--- Data extracts ---
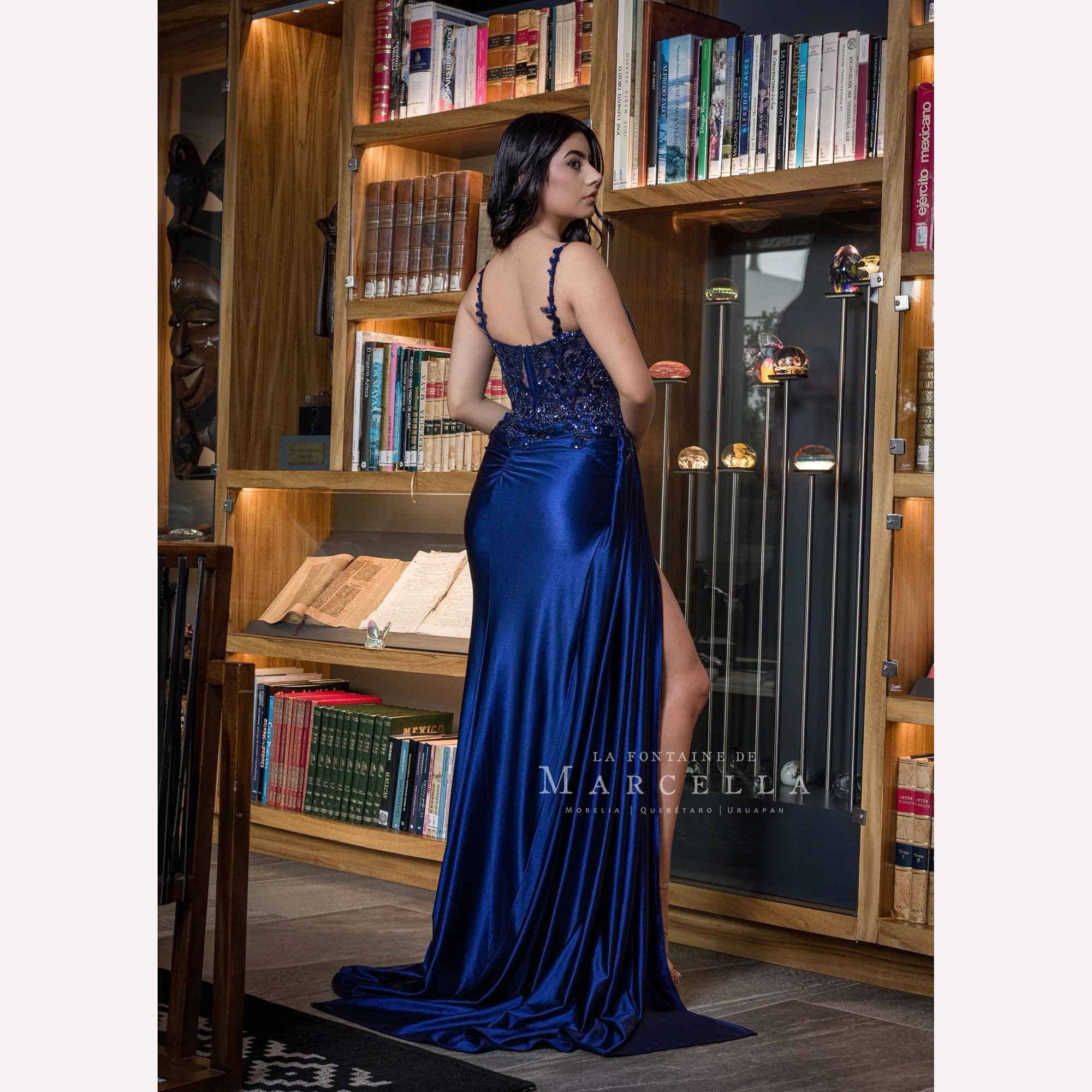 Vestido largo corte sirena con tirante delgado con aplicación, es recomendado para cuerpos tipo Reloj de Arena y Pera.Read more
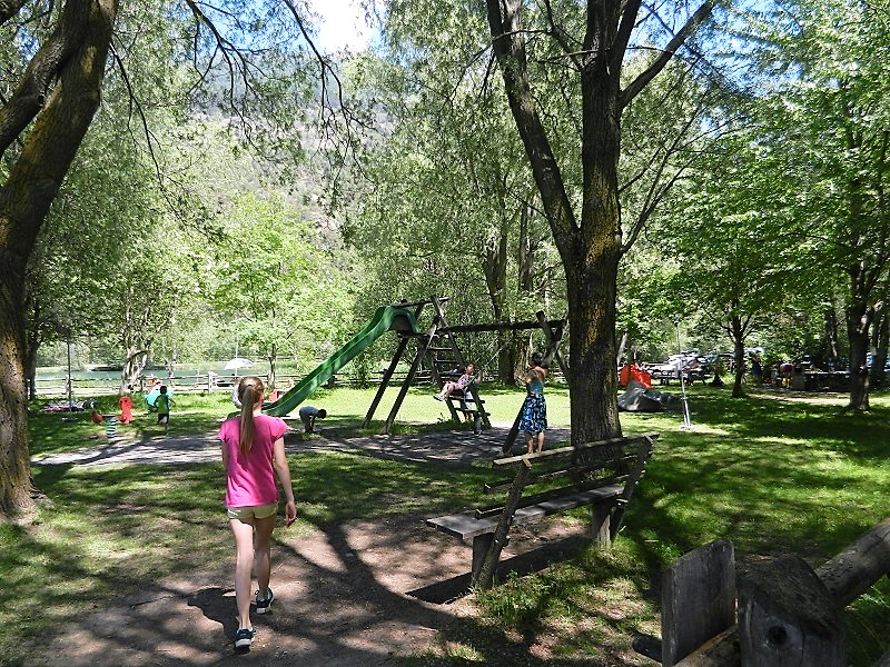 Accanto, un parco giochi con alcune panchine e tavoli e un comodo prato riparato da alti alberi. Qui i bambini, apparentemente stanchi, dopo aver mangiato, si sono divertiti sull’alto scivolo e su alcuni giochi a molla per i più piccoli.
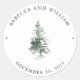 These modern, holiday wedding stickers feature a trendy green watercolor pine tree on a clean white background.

--

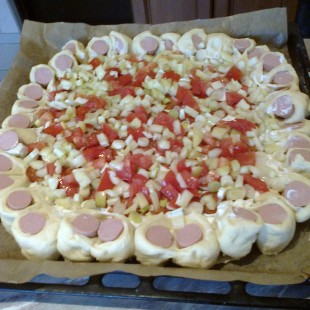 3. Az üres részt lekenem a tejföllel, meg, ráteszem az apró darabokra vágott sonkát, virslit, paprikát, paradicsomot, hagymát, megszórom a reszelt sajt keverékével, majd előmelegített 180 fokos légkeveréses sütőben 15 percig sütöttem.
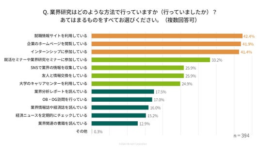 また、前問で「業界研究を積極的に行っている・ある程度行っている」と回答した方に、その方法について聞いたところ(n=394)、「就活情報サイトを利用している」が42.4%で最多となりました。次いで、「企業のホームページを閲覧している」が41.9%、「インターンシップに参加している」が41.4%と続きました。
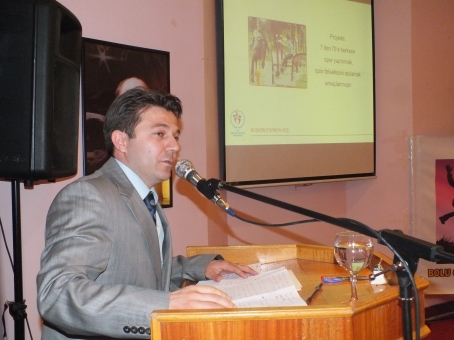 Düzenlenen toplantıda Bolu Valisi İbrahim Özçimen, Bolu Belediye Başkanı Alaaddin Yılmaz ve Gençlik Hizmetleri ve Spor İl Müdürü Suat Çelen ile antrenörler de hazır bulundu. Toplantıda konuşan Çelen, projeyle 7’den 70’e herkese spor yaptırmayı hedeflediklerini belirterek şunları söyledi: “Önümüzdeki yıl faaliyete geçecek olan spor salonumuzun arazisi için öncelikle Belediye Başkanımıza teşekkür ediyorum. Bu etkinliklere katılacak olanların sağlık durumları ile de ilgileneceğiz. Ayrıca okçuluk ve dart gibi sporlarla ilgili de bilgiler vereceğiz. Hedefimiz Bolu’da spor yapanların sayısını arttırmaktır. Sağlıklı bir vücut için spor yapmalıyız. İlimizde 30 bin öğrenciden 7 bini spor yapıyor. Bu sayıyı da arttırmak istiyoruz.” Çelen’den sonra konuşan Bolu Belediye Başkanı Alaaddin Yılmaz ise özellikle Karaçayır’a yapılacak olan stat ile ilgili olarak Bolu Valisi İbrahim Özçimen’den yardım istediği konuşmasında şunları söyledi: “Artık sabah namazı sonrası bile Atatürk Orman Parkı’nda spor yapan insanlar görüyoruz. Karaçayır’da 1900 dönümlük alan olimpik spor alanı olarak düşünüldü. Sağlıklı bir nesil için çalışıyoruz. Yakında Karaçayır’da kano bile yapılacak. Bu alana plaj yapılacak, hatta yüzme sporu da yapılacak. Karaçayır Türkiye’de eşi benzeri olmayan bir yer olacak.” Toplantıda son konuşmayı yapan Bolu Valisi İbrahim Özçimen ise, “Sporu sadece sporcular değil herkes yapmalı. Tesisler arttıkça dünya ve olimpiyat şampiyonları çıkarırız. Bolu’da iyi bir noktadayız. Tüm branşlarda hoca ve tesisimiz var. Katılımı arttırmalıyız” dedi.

==

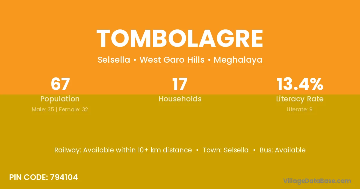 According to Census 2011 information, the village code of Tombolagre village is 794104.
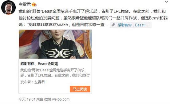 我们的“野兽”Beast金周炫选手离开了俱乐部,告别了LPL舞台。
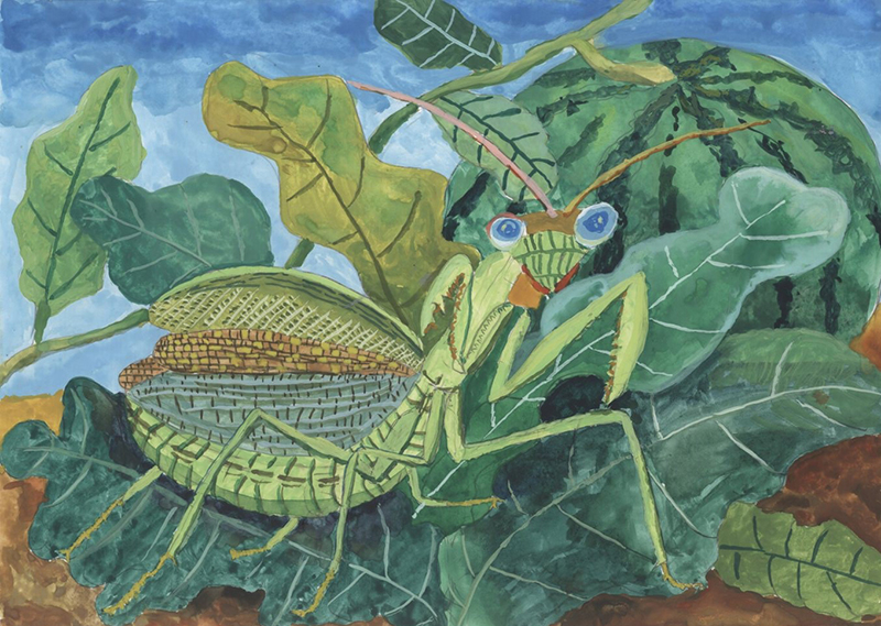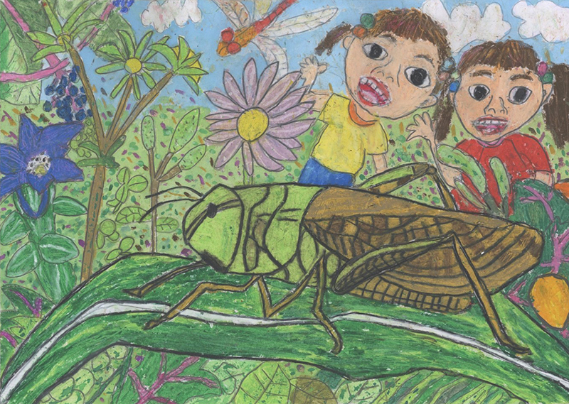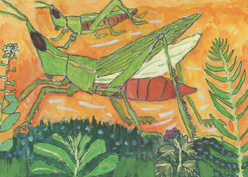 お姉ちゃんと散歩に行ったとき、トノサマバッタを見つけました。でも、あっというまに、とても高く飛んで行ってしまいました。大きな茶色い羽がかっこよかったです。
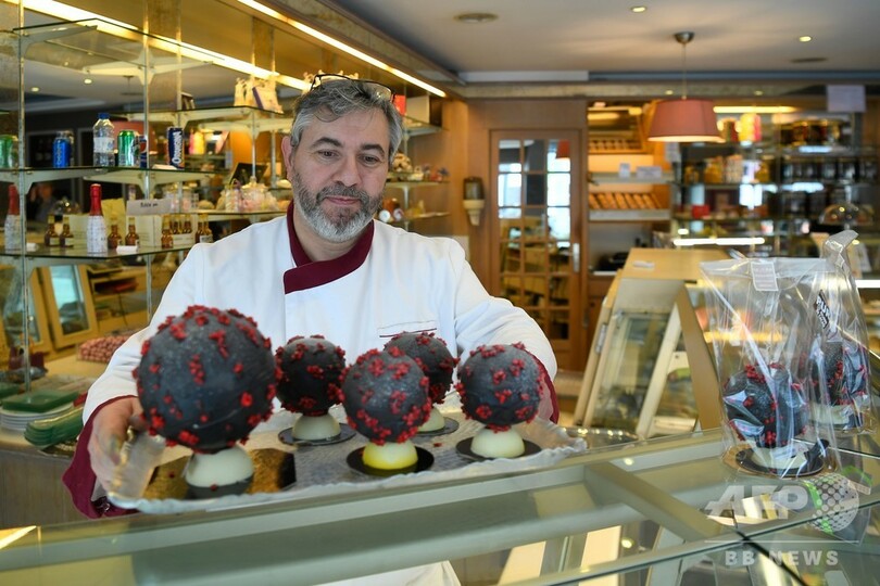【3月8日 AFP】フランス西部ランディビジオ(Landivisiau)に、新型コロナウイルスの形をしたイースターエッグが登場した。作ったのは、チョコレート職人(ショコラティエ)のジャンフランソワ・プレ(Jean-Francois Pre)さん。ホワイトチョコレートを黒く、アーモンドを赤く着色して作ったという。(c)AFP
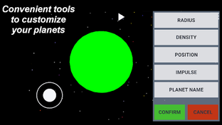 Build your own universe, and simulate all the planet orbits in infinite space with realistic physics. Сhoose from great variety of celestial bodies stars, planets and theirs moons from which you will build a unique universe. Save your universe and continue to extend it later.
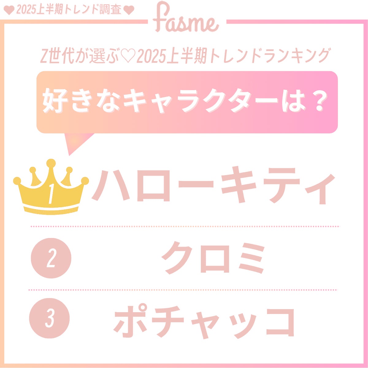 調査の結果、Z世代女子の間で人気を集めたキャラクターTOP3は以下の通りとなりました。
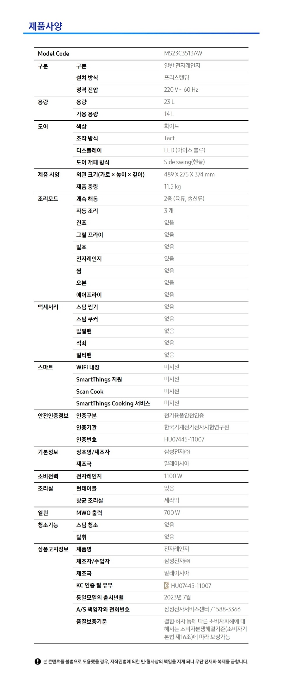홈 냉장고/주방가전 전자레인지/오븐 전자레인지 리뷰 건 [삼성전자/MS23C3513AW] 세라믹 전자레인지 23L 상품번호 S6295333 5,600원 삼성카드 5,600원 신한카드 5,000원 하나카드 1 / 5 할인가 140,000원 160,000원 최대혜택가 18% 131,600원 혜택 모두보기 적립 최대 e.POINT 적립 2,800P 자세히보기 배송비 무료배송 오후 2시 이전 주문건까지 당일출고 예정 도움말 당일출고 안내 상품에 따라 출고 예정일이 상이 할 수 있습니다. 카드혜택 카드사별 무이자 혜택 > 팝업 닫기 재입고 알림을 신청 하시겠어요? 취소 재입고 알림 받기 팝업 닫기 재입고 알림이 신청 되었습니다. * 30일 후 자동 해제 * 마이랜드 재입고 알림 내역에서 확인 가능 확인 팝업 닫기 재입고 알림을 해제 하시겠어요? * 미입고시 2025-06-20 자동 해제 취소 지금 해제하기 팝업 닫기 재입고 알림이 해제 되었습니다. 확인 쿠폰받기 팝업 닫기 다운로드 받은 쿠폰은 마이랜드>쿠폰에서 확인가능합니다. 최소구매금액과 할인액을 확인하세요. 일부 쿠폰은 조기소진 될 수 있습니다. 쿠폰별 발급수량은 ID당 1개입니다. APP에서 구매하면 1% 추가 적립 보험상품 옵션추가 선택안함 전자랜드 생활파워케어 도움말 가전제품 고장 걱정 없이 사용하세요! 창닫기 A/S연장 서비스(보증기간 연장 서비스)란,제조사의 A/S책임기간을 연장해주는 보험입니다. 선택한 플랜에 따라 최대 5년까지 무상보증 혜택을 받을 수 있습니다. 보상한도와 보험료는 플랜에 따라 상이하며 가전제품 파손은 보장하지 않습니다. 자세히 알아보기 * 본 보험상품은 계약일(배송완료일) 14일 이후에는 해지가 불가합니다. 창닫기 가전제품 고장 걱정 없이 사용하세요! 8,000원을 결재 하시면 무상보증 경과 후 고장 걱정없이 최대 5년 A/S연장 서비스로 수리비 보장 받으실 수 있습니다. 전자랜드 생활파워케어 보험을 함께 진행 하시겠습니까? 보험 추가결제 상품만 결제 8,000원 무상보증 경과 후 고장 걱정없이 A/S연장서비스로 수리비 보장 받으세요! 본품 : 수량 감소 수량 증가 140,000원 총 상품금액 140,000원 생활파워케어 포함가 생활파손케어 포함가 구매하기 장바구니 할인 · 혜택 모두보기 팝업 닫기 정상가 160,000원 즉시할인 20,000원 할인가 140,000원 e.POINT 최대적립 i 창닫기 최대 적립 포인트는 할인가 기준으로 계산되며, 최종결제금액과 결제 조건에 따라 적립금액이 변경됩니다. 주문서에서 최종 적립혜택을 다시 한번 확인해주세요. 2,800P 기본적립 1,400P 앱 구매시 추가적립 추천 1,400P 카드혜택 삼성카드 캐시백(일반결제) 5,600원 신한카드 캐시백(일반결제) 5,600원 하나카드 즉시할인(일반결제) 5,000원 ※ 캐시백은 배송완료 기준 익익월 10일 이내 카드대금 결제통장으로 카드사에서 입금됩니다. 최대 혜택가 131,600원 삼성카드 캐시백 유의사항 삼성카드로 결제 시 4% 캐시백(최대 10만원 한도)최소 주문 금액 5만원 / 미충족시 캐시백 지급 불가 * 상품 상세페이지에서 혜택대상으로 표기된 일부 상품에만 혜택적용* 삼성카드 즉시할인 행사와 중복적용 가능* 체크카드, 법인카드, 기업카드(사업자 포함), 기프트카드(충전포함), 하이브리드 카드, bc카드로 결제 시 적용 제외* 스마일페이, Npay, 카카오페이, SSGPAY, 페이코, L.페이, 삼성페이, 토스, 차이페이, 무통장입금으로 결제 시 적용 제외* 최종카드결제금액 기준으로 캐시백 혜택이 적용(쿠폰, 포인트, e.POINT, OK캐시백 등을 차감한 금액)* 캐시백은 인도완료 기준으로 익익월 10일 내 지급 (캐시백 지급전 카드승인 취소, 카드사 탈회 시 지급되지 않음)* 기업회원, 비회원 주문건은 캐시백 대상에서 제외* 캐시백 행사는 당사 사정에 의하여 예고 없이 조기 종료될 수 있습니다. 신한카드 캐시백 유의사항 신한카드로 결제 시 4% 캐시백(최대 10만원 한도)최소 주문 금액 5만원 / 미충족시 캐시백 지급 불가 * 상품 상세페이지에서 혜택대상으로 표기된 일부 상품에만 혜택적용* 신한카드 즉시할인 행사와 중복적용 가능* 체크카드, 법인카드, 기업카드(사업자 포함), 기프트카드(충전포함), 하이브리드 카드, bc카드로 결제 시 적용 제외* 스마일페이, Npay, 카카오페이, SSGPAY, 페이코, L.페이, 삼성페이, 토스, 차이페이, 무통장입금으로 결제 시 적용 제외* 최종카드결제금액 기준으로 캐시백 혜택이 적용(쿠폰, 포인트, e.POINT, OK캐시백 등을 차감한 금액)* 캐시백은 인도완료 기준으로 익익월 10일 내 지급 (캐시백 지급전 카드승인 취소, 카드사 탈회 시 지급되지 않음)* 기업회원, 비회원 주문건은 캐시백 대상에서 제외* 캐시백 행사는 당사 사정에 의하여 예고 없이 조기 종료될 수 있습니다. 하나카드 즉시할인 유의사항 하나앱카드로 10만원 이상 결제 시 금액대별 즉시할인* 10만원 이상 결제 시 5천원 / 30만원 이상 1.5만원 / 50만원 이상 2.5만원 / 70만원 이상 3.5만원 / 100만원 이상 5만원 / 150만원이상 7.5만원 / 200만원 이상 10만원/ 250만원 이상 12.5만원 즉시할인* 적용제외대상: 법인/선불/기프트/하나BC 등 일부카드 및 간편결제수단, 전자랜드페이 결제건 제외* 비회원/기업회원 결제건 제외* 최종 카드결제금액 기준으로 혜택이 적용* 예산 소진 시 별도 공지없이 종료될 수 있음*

--- What the task asks ---
For this exercise, set down the lines in the entries above from the one with "According to Census" through the one with "お姉ちゃんと散歩に行ったとき" exactly as written, without any pictures.

--- Response for this exercise ---
 According to Census 2011 information, the village code of Tombolagre village is 794104.
 我们的“野兽”Beast金周炫选手离开了俱乐部,告别了LPL舞台。
 お姉ちゃんと散歩に行ったとき、トノサマバッタを見つけました。でも、あっというまに、とても高く飛んで行ってしまいました。大きな茶色い羽がかっこよかったです。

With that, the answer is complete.